◆ Raw data
▼
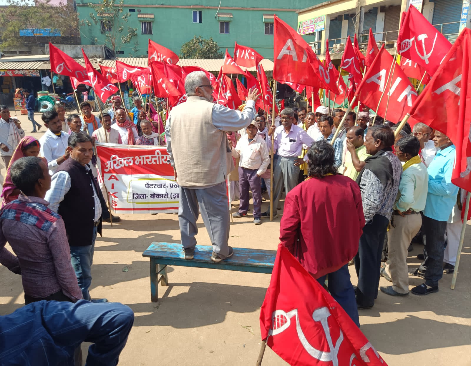 तेनुघाट: ट्रेड यूनियनों एवं किसान संगठनों का एक दिवसीय राष्ट्रव्यापी हड़ताल के अंतर्गत प्लस टू हाई स्कूल, पेटरवार के मैदान से अखिल भारतीय किसान सभा का जुलूस निकाला गया। जुलूस का नेतृत्व किसान सभा के प्रदेश उपाध्यक्ष पंचानन महतो, चुंबन महतो, दिवाकर महतो, अजीत कुमार, महेश रजवार, देवानंद प्रजापति, इत्यादि ने किया। विभिन्न जगहों से गुजरते हुए पेटरवार बाजार टांड में जुलूस सभा में बदल गया।
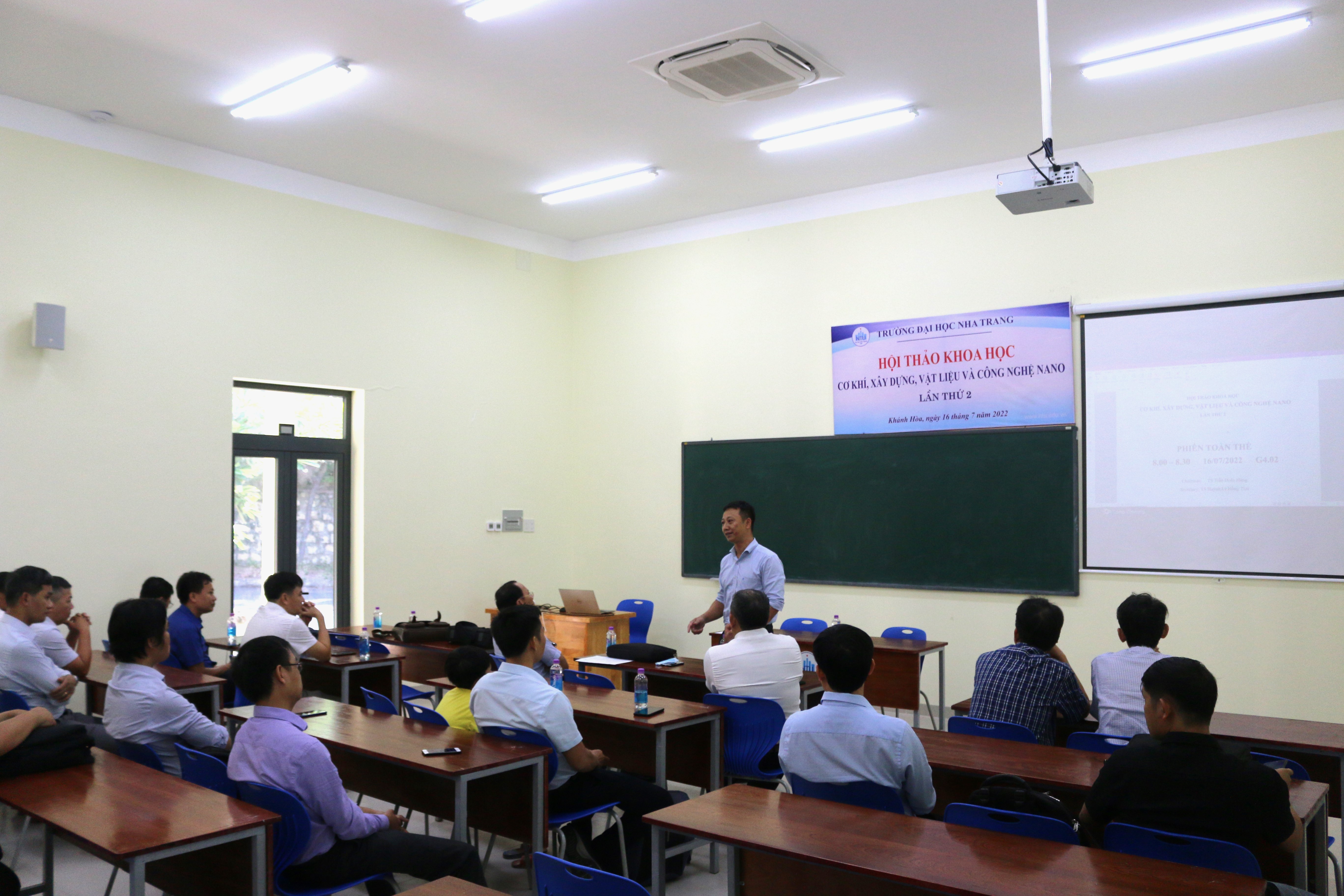 Sáng ngày 17/07/2022 vào lúc 8 giờ, dưới sự chủ trì của TS. Trần Doãn Hùng – Phó Hiệu trưởng Trường Đại học Nha Trang, “Hội thảo khoa học về cơ khí, xây dựng, vật liệu và công nghệ nano-lần 2” tại Giảng đường G4 đã được tổ chức thành công nhằm thông báo kết quả nghiên cứu và chuyển giao công nghệ về lĩnh vực cơ khí, xây dựng, và vật liệu giữa các khoa Cơ khí, Kỹ thuật Giao thông, Xây dựng, học viện Hải quân và Viện NCCT Tàu thủy.
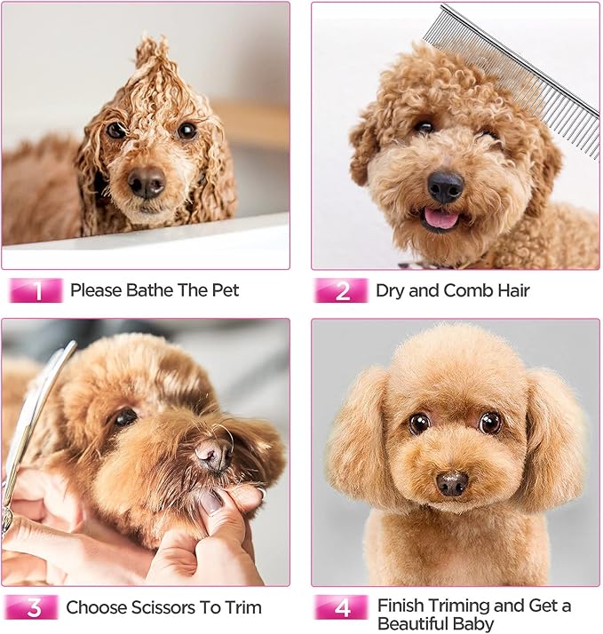 • 【5 in 1 Dog Grooming Scissors Set】The dog grooming scissors set comes with 1 straight scissors, 1 thinning scissor, 1 curved scissor, 1 grooming comb and 1 storage case
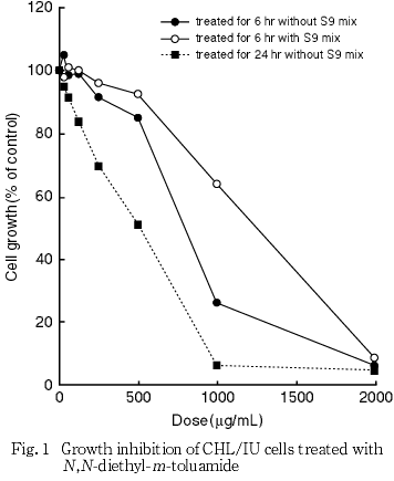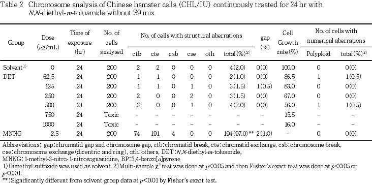 以上の成績から,N,N-ジエチル-m-トルアミドのCHL/IU細胞に対する染色体異常誘発性は陰性と判定した.
▲
◆ Problem description
Pictures are to be left out; the rest of the listing should be printed exactly.

◆ Task answer
 तेनुघाट: ट्रेड यूनियनों एवं किसान संगठनों का एक दिवसीय राष्ट्रव्यापी हड़ताल के अंतर्गत प्लस टू हाई स्कूल, पेटरवार के मैदान से अखिल भारतीय किसान सभा का जुलूस निकाला गया। जुलूस का नेतृत्व किसान सभा के प्रदेश उपाध्यक्ष पंचानन महतो, चुंबन महतो, दिवाकर महतो, अजीत कुमार, महेश रजवार, देवानंद प्रजापति, इत्यादि ने किया। विभिन्न जगहों से गुजरते हुए पेटरवार बाजार टांड में जुलूस सभा में बदल गया।
 Sáng ngày 17/07/2022 vào lúc 8 giờ, dưới sự chủ trì của TS. Trần Doãn Hùng – Phó Hiệu trưởng Trường Đại học Nha Trang, “Hội thảo khoa học về cơ khí, xây dựng, vật liệu và công nghệ nano-lần 2” tại Giảng đường G4 đã được tổ chức thành công nhằm thông báo kết quả nghiên cứu và chuyển giao công nghệ về lĩnh vực cơ khí, xây dựng, và vật liệu giữa các khoa Cơ khí, Kỹ thuật Giao thông, Xây dựng, học viện Hải quân và Viện NCCT Tàu thủy.
 • 【5 in 1 Dog Grooming Scissors Set】The dog grooming scissors set comes with 1 straight scissors, 1 thinning scissor, 1 curved scissor, 1 grooming comb and 1 storage case
 以上の成績から,N,N-ジエチル-m-トルアミドのCHL/IU細胞に対する染色体異常誘発性は陰性と判定した.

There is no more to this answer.